[Stored items from a collection]
---+---

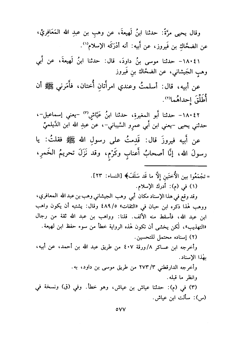١٨٠٤١ - حَدَّثَنَا مَوسَى بْنُ دَاوُدَ، قَالَ: حَدَّثَنَا ابْنُ لَهِيعَةَ، عَنْ أَبِي وَهْبٍ الْجَيْشَانِيِّ، عَنِ الضَّحَّاكِ بْنِ فَيْرُوزَ، عَنْ أَبِيهِ، قَالَ: " أَسْلَمْتُ وَعِنْدِي امْرَأَتَانِ أُخْتَانِ، فَأَمَرَنِي النَّبِيُّ صَلَّى اللهُ عَلَيْهِ وَسَلَّمَ أَنْ أُطَلِّقَ إِحْدَاهُمَا " (٢)
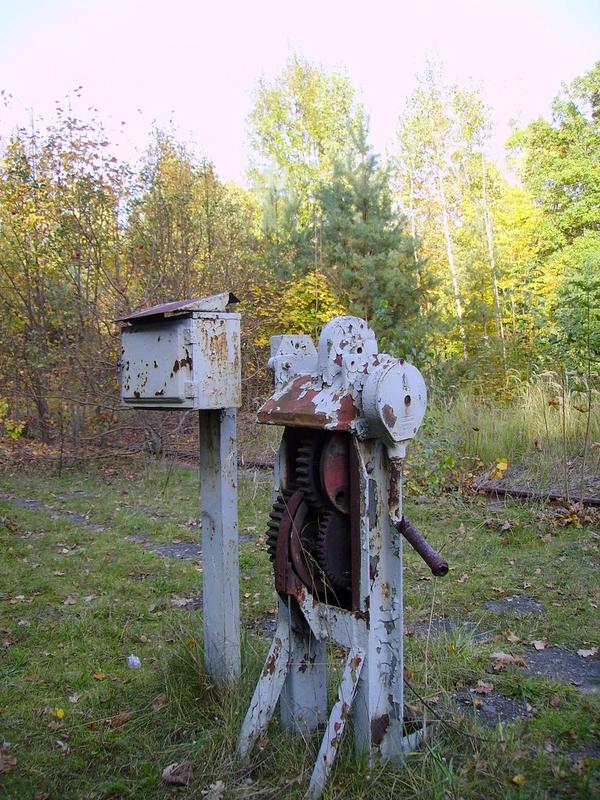 Mechanizm podnoszenia rogatek przejazdowych na peronie. W lewo Namysłów, w prawo Jełowa/Opole.
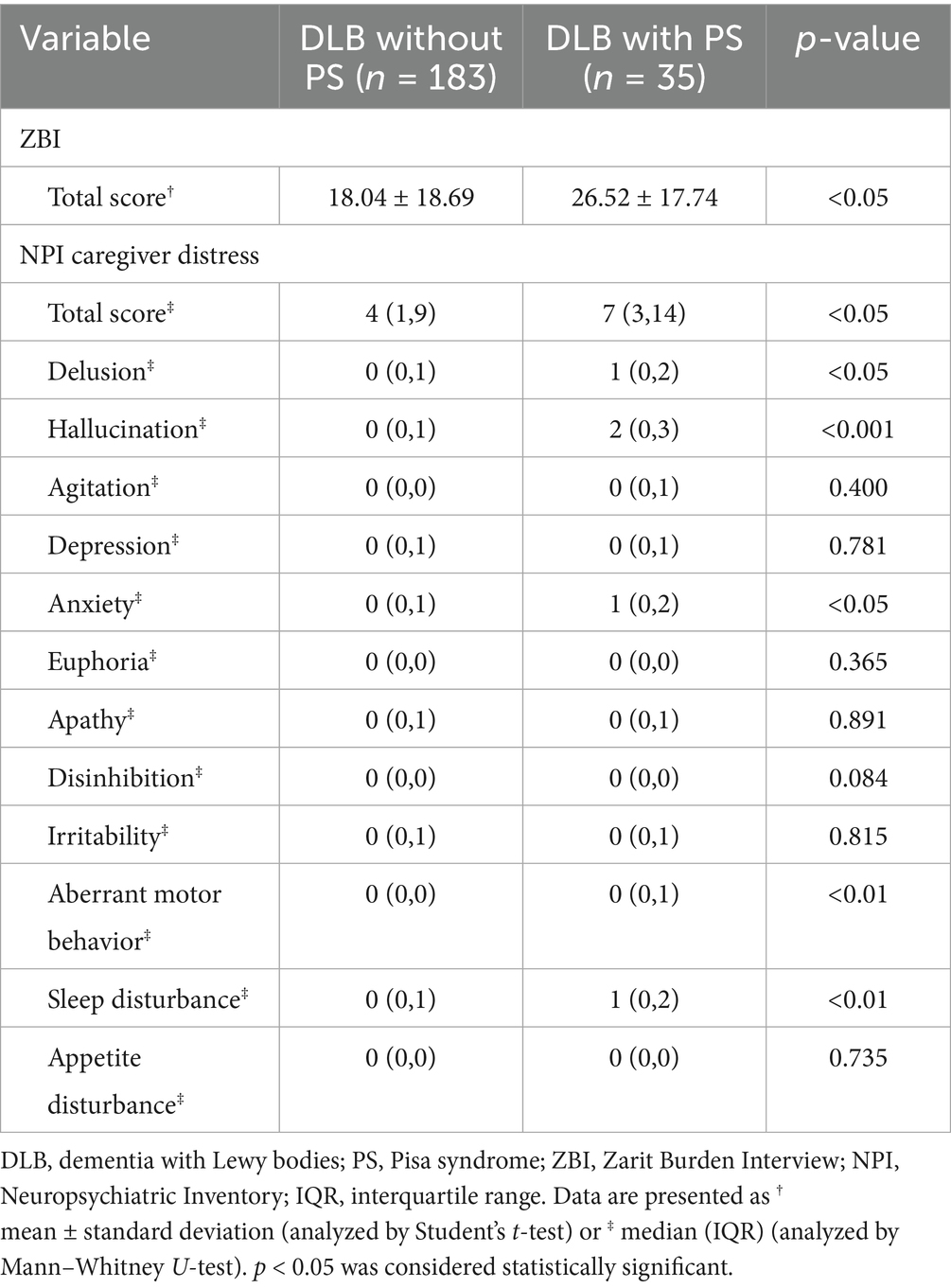 In our study, patients with PS exhibited more severe caregiver distress and a higher overall caregiving burden, particularly due to symptoms such as delusion, hallucinations, anxiety, aberrant motor behavior, and sleep disturbance. These findings suggest that PS and NPS synergistically interact, compounding caregiver distress and burden, while profoundly impacting caregivers’ QoL and mental health. Such comorbidities are highly prevalent among individuals with PD (Elefante et al., 2021). For caregivers of DLB patients with PS, who often contend with a double burden of severe NPS and disabling postural disorder, the heightened distress levels we observed underscore an urgent need for targeted support. This may provide critical insights for refining caregiving strategies and priorities, ultimately alleviating burden and improving the overall caregiving experience.
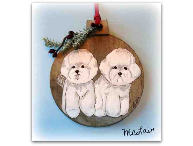 The cutest Bichon duo ever! Hand painted and sealed in high quality acrylics. Hung with silk ribbon. Ready to bring an extra sparkle to your tree!
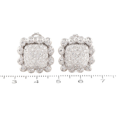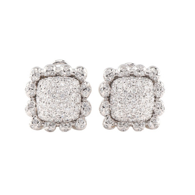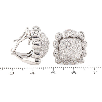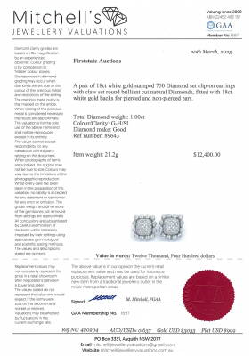 Diamond clip-on earrings (for both pierced ears & non-pierced ears) with round Natural Diamonds totalling 1.00ct (Estimated grading: G-H SI). 18ct white gold. Weight: 21.2g. With Certificate #420204. (Pre-owned)
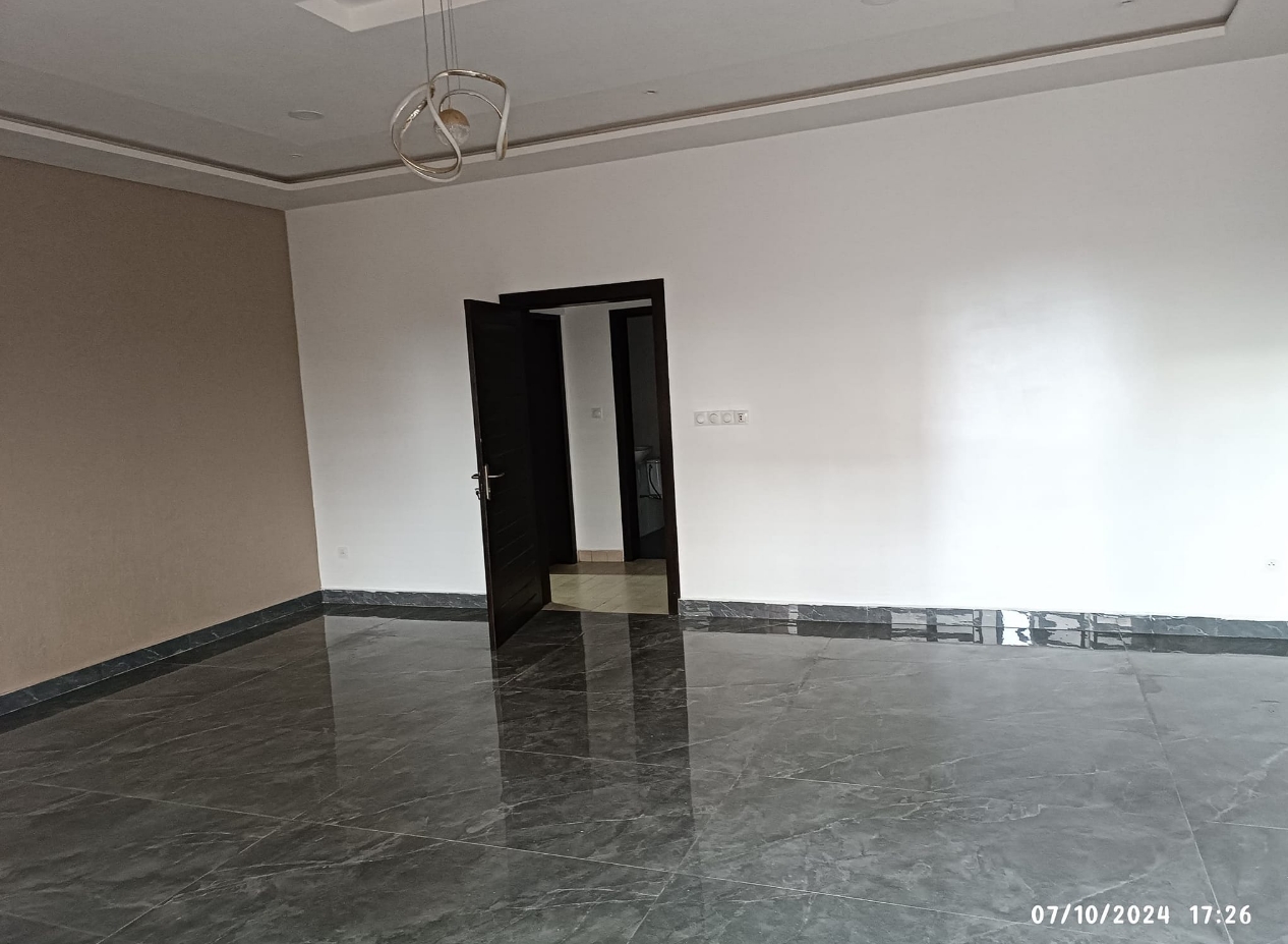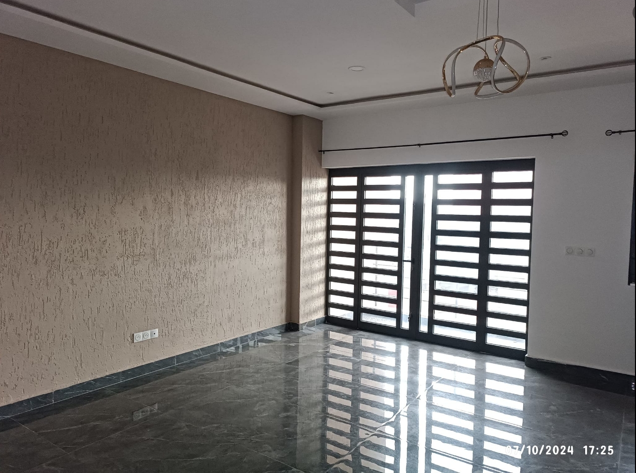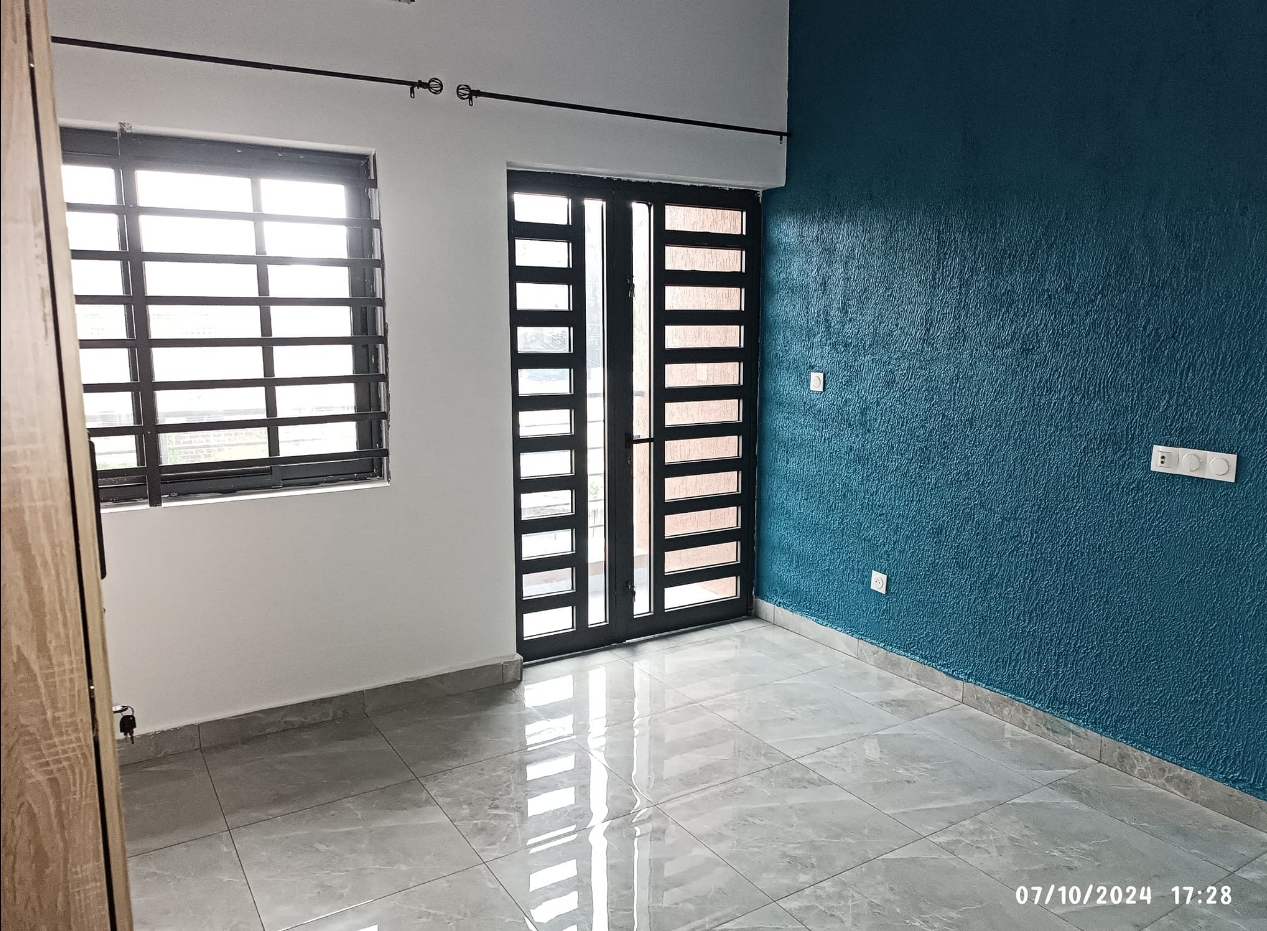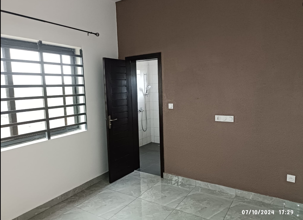 Un appartement de trois chambres chacune avec douche et armoire murale intégré et un Salon entièrement climatisé au premier étage d’un immeuble. Il dispose d’une cuisine spacieuse très moderne Garage personnel pour un véhicule Compteur Eau et Electricité personnels Gardien pour la nuit
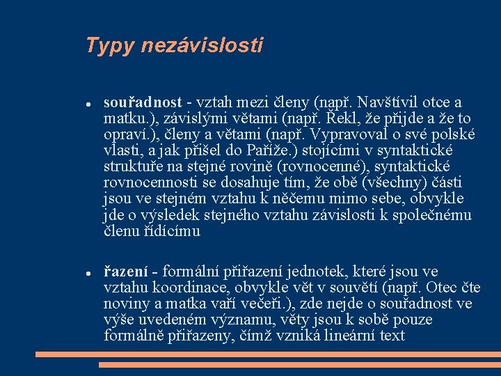 Typy nezávislosti souřadnost - vztah mezi členy (např. Navštívil otce a matku. ), závislými větami (např. Řekl, že přijde a že to opraví. ), členy a větami (např. Vypravoval o své polské vlasti, a jak přišel do Paříže. ) stojícími v syntaktické struktuře na stejné rovině (rovnocenné), syntaktické rovnocennosti se dosahuje tím, že obě (všechny) části jsou ve stejném vztahu k něčemu mimo sebe, obvykle jde o výsledek stejného vztahu závislosti k společnému členu řídícímu řazení - formální přiřazení jednotek, které jsou ve vztahu koordinace, obvykle vět v souvětí (např. Otec čte noviny a matka vaří večeři. ), zde nejde o souřadnost ve výše uvedeném významu, věty jsou k sobě pouze formálně přiřazeny, čímž vzniká lineární text
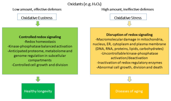 Oxidative eustress occurs after physical exercise [41] in response to small stressors, such as mild pharmacological interventions [42], and it is usually considered a physiological and endogenous process [43,44], also known as “mitohormesis” [44]. In oxidative eustress, low (nanomolar for H2O2) concentrations of oxidants interacting with their specific targets maintain the physiological signaling [45].
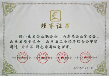 2009年7月1日,我公司董事長經山東省企業聯合、山東省企業家協會、山東省質量管理協會、山東省工業經濟聯合會審察通過為省四會理事。
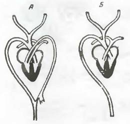 Сердце и дуги аорты крокодила (А) и птицы (Б).
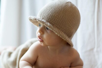 This made-for-warm-weather hat is knit in the round from the brim up. The brim goes all the way around to protect baby’s delicate skin from the sun and is encased in a knit rib. The pattern includes a traceable brim outline.

---+---

◆ **What to produce**
Write out, word for word, the lines from the start of the data through the one holding "Mechanizm podnoszenia rogatek". Omit pictures.

◆ **Task answer**
١٨٠٤١ - حَدَّثَنَا مَوسَى بْنُ دَاوُدَ، قَالَ: حَدَّثَنَا ابْنُ لَهِيعَةَ، عَنْ أَبِي وَهْبٍ الْجَيْشَانِيِّ، عَنِ الضَّحَّاكِ بْنِ فَيْرُوزَ، عَنْ أَبِيهِ، قَالَ: " أَسْلَمْتُ وَعِنْدِي امْرَأَتَانِ أُخْتَانِ، فَأَمَرَنِي النَّبِيُّ صَلَّى اللهُ عَلَيْهِ وَسَلَّمَ أَنْ أُطَلِّقَ إِحْدَاهُمَا " (٢)
 Mechanizm podnoszenia rogatek przejazdowych na peronie. W lewo Namysłów, w prawo Jełowa/Opole.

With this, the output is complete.